Wesley writes, "Is there a better way of factoring polynomials other than guess and check? For example: factoring 21x^{5 }- 2x^{2} + 4x - 1, you probably will have to guess and check what goes in the parentheses. It could be (3x - something)(7x + something)(x - something)..., or, it could be something entirely different. Aside from the limited equations like difference of squares, or sum/difference of cubes, I would like to know if it is possible to not have to guess and check. If you do not know of a solution, thank you anyways for your time."

Hi Wesley, In addition to the rules that you mentioned, you can find a few more rules here, including sum/difference of odd powers, sum of even powers, grouping, and something I like to call aggressive grouping.

If none of those help, another tool that might help you out is something called the *Rational Root Theorem*. The rational root theorem says that *if *a rational zero to a polynomial exists, then written in simplest form p/q, p is a factor of the constant, and q is a constant of the highest order coefficient.

How does this help in factoring? Well, if p/q is a zero of the polynomial, then (qx - p) is a factor.

It's important to note that the statement above has a big "if" in it. It's possible that no rational roots exist. But if they do exist, this rule helps us out in our trial-and-error search by eliminating possibilities.

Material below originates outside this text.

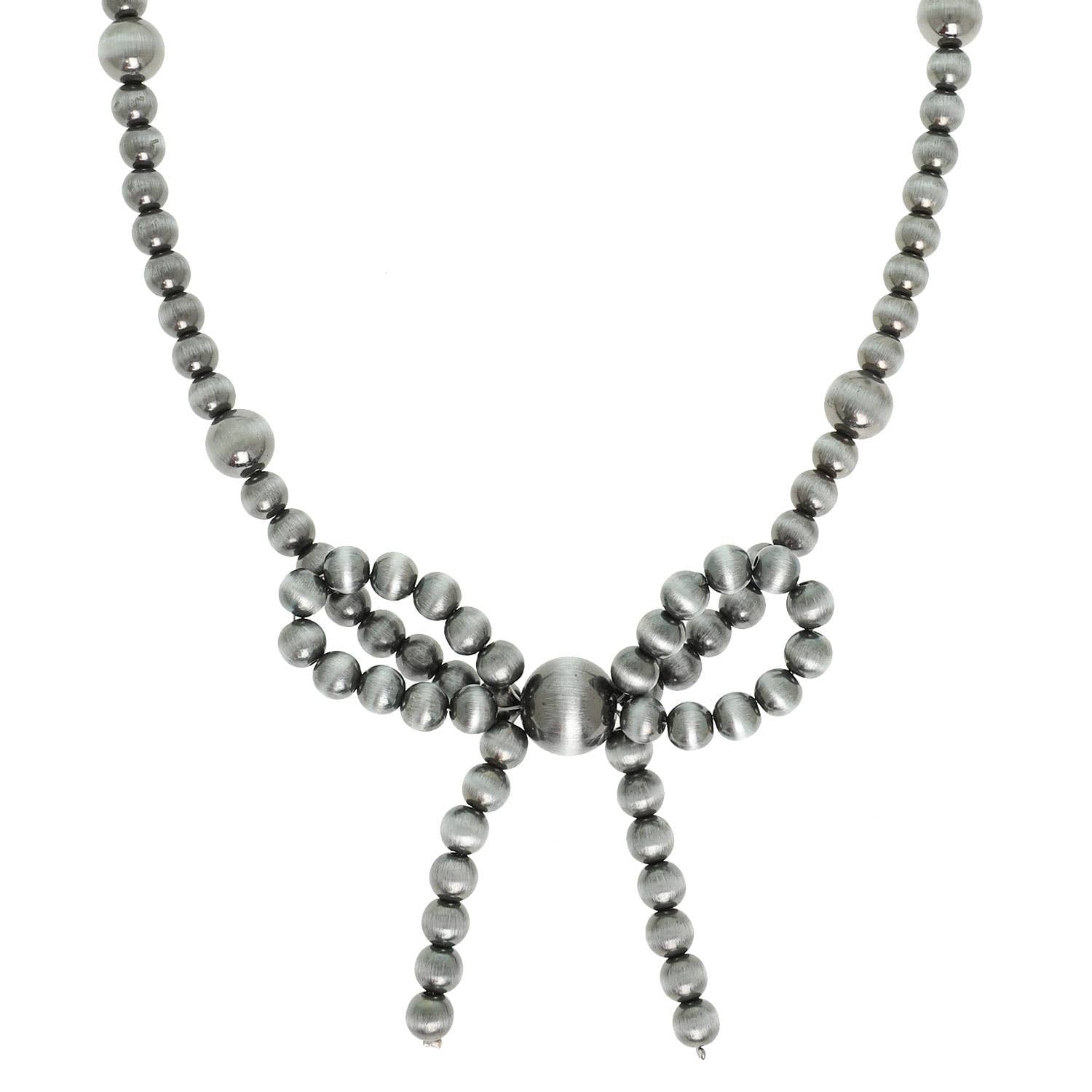 Western Bow Knot Pendant Pearl Bead Necklace : Silver

Let's take an example: 3x^{3} - 5x^{2} - 42x - 40 = 0.

The rational root theorem tells us that if this has rational roots, they are of the form p/q, where p is a factor of 40, and q is a factor of 3. Now, this still gives us a LOT of possibilities to consider, because p could be 1, 2, 4, 5, 8, 10, 20, or 40 (plus the opposites of all of those), and q could be either 1 or 3 (or their opposites).

So let's start with something that's not a fraction: Let's try 1, and see what happens. I'm going to do synthetic division on this. If you don't know how synthetic division works, you'll want to take a look at this explanation: How to do synthetic division.

The next bit of good news is that we can use the values in our synthetic division to reduce the polynomial by the factor we just found: our polynomial can be rewritten as (x + 2)(3x^{2} - 11x - 20) (note the numbers at the bottom of our synthetic division - they are the coefficients of the reduced polynomial). To find our next factors we can use the techniques that we're familiar with on the factor 3x^{2} - 11x - 20, or we can continue doing synthetic division.

Of course, I cheated; I created a polynomial which I knew could be factored, but there's no guarantee that a given polynomial is factorable over real numbers, let alone rational numbers! Your polynomial, for example, has only one real root, and that one real root is not rational. If you had tried the rational root theorem on this, you would have tried 1, 1/3, 1/7, 1/21, and the opposites of all of those, only to find that none of them work. The good news is that because of the rational root theorem, you KNOW that you're done looking for rational roots.

So there are a few more tools for your arsenal; I hope something here was helpful!